20th June

National Flag Day (Argentina)/Día de la Bandera Nacional: Make flag (toothpick, post-it note) and stick on map. This is a day for learning to tango and practising your football skills.

Eritrea Martyr’s Day: Eritreans around the world celebrate this day, reminding themselves of the sacrifices made by nearly a quarter of their country’s men and women trying to gain independence from Ethiopia (after British rule abandoned them and the UN said, oh be a federation with Ethiopia as a compromise). Ethiopia loses its access to ports if Eritrea becomes its own country, and they fought about it for 30 years. They celebrate with a lot of songs and poems about the sacrifices made by their people. Older children might be interested in listening to some and trying to write their own.

dragonboats

Dragon Boats Festival: (2015: actually held on the fifth day of the fifth moon). Celebrates the peak of masculine energies with the symbol of the dragon (it’s midsummer, the Sun is masculine, dragons are masculine, it’s all very logical). We make dragon boats out of the bottoms of plastic milk bottles (the six-pinters) and decorate with sweet wrappers and paints; float on sea, pond or stream but fish them out before you go home – no littering! Make or buy Chinese dumplings (zongzi), tell the story of Zhong Kui.

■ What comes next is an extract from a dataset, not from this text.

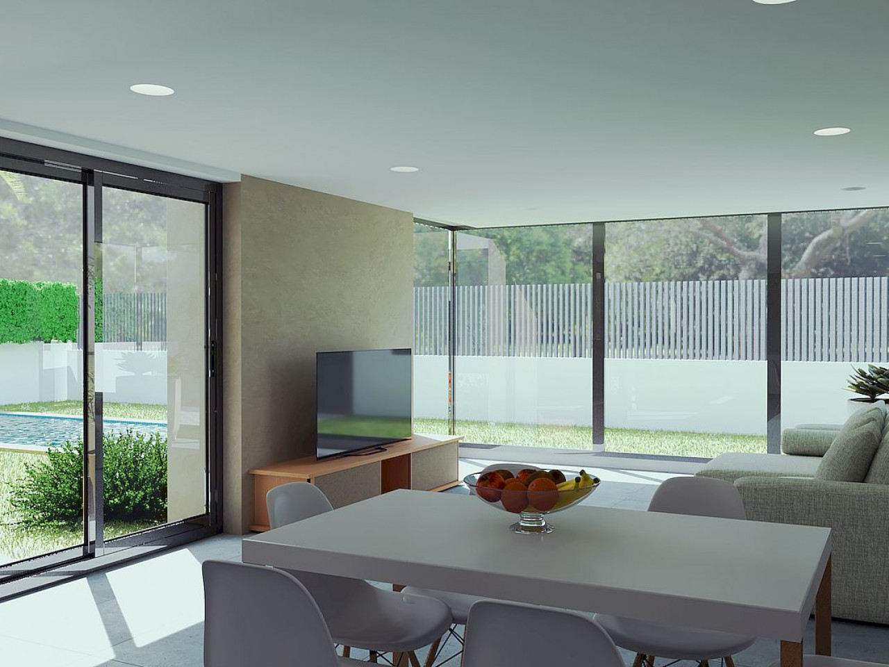 Levansur Home Seven is a luxurious complex of 4 villas with individual swimming pool, basement and solarium on a plot of 400 m2 located in Santa Rosalía Lake.
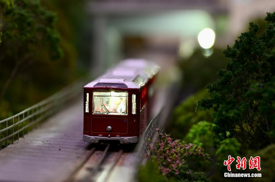 6月20日,香港特區政府中西區民政事務處舉辦「慶祝香港特別行政區成立27周年——細看中西區微型展」,展出22件以中西區為主題的作品,展現精巧工藝和創新科技的微縮模型,將中西區的重要地標和特色標誌呈現給公眾,重塑香港的生活日常和純樸風貌。圖為微縮模型作品《山頂纜車》。

West Virginia founded (1863): famous for lumberjacks, caves, coal mines.

20th May

1570 Theatrus Orbis Terrarum published, first modern atlas

1609 Shakespeare’s Sonnets first published

1927 Charles Lindberg sets off on the first nonstop flight across the Atlantic; 1932 Amelia Earhardt does the same, first time by a woman.

 

Josephine Baker Day – an American-born French entertainer who helped in the civil rights movement in America by refusing to perform for segregated audiences.

 

World Metrology Day (celebrates the use of the metre) – how tall are you in metres? How far can you throw a ball? How far can you throw a flipflop?

European Maritime Day – so make boats out of everything!

Cuba Independence Day (from America, 1902)

combined-map-of-usa-and-cuba

Cuba was originally inhabited by ‘American Indians’ – the Taino/Arawak people. Christopher Columbus discovered it in 1492 and claimed it for Spain, whose settlers wiped out the natives in the usual manner (disease, oppression).

In 1549 the new governor, Dr. Gonzalo Perez de Angulo. liberated all remaining natives.

During the Seven Years’ War, Britain took Cuba from the Spanish. We already owned North America and other parts of the Carribean, so actually this was good for Cuba’s trade. Also we brought thousands of West African slaves to work in the sugar plantations. But then we swapped Cuba for Florida.

Carlos Manuel de Céspedes

In 1868 Carlos Manuel de Céspedes offered to free any slaves who fought with him for Cuban Independence, leading to the Ten Years’ War. In the end Spain offered them more self-control and in the 1880s abolished slavery.

An exile, Jose Marti, founded the Cuban Revolutionary Party in New York in 1892. In 1895 he joined Maximo Gomez, who led the war against Spanish rule then. The Spanish army outnumbered the rebel army and put them in prototype concentration camps called reconcentrados, where they died of starvation and disease. The US was against the Spanish on this, and declared war.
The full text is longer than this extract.